A guide to capturing sharp shots with a tripod

This article was updated in July 2024 with contributions from Kunal Malhotra and Jaymes Dempsey.

I love my tripod. Aside from my camera and main lens, it’s my most-used piece of equipment. I carry it everywhere: when shooting in my small town, when headed into the big city, and even when taking cross-country trips by train or plane. I do this for a variety of reasons – it improves my compositions and it helps me with focusing stacking, to name two – but the biggest reason I use a tripod, and the reason why I bought one in the first place, is to keep my images tack-sharp when using a long shutter speed.

If you’re reading this article, then I’m guessing that you, too, are looking to capture tack-sharp photos, and you think a tripod is the way forward. I’m happy to share that tripods are indeed great for keeping your files crisp, but that comes with a big caveat: Plonking your camera on a tripod and just firing off shots like normal is not going to net you sharp images. Instead, you must carefully adjust your tripod, your settings, and your accessories to maximize sharpness – and that’s what I discuss in this article.

Specifically, I share six fundamental tripod photography techniques for sharp photos, and I include a handful of examples so you know exactly what my techniques can offer. Whether you’ve tried to use a tripod but you keep producing blurry photos, or you’ve only just purchased a tripod and you want to get off on the right foot, you’re bound to find this article useful!

Let’s dive right in.

1. Extend the tripod legs only when necessary

How to get sharp photos with a tripod
Want sharp photos at night? Don’t start by extending your tripod to its full height. The taller your tripod, the weaker it’ll be.

Before buying a tripod, you likely researched its maximum height; after all, you probably didn’t like the idea of stooping for each and every shot. But while purchasing a tall tripod is completely fine – and you’ll certainly run into scenarios when taller is better! – I don’t recommend extending your tripod to its maximum height the moment you pull it out of the bag.

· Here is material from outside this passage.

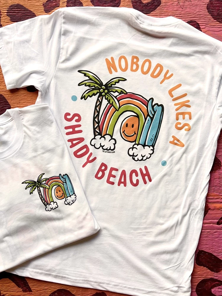Summer fever is here! This t-shirt is perfect for the chic who loves the beach and not a shady one! Printed on a soft style unisex tee. Big design on the back and pocket design on the front.
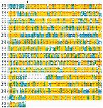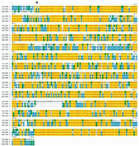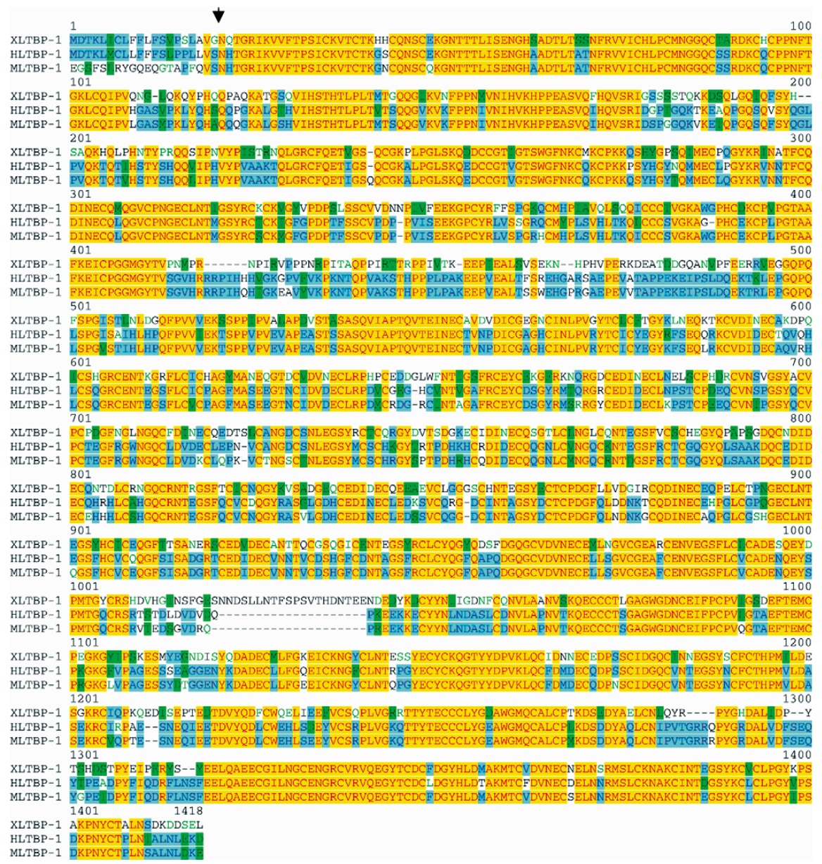 Comparison between the Xenopus, mouse and human LTBP-1 protein. The protein sequences were aligned using the pileup GCG 9.0 program. Identical residues between Xenopus, mouse and human XLTBP-1 are in yellow, non-conserved residues are in green and conserved residues between mouse and human are in blue. The human LTBP-1 Accession number is NM000627 (Kanzaki et al., 1990); the mouse LTBP-1 Accession number is AF022889 (Noguera et al., GenBank).

I see budding photographers do this all the time, but here’s the truth: As you extend the length of the legs, the stability and sturdiness of the tripod are reduced. And this loss of stability can impact sharpness, especially if you’re working on uneven ground, shooting ultra-long exposures, or are set up in a windy location.

Of course, lengthening the legs to their full height is sometimes unavoidable. But if you do wish to extend the legs, start by opening up the top (larger/thicker) section of the legs, and only then move to the lower (thinner) ones.

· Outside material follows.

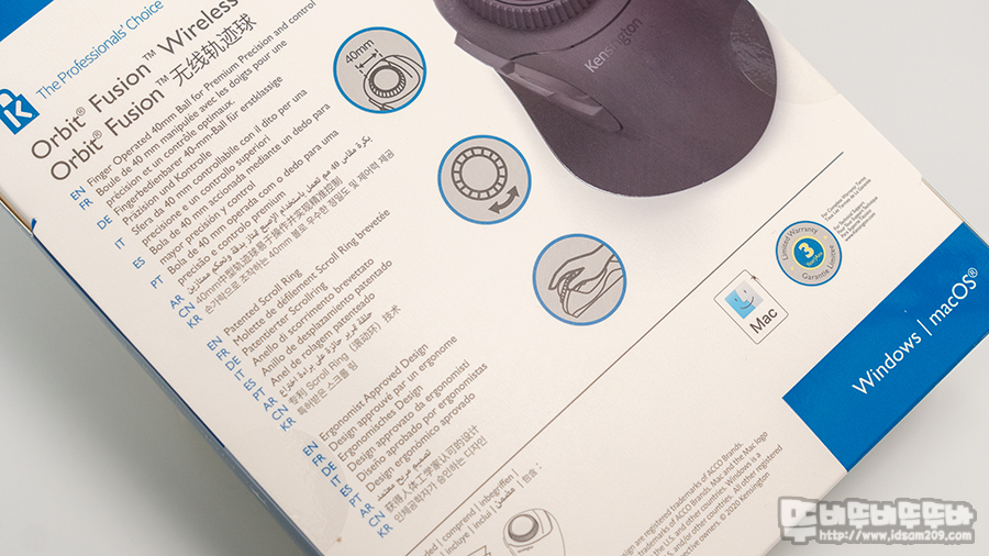 켄싱턴 오르빗 퓨전 무선 트랙볼 마우스 패키지 모습입니다.

How to get sharp photos with a tripod

You should extend your tripod’s center column (the tripod “neck”) last of all. Center columns are very prone to causing shake, and you definitely don’t want to shoot with an extended center column in wind, rain, or rushing water unless you can see no other way of capturing the photo.

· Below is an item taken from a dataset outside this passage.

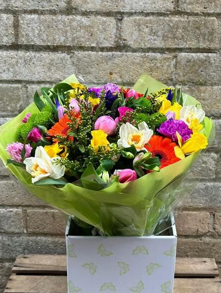 A beautiful seasonal bouquet full of spring flowers, with scented hyacinth, Iris, tulips alstroemeria to name a few. Created by one of our fully qualified florists, this lovely bouquet will grace any room and add a splash of vibrancy for the recipient to enjoy.
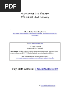 Some of the worksheets displayed are hypotenuse leg theorem work and activity, , the pythagorean theorem date period, pythagoras theorem teachers notes, pythagorean theorem 1, work altitude to the hypotenuse 2, state if the two triangles are if they are, leg1 leg hypotenuse.

Bear in mind that your results will also depend heavily on the type of tripod you’ve purchased. A big, heavy, rugged model may be capable of extending to its full height – even in tougher conditions – without a significant loss of stability, while a lightweight travel tripod (especially if it’s on the cheaper side) will be far more impacted.

2. Switch off any image stabilization

Does your camera offer image stabilization? How about your lens?

These days, a lot of equipment boasts stabilization, which can be hugely useful for capturing sharp handheld shots at slow shutter speeds. However, if you take image-stabilized equipment and mount it on a tripod, the stabilization will cause the lens or camera internals to move after you press the shutter button (it looks like a slow drift in the viewfinder).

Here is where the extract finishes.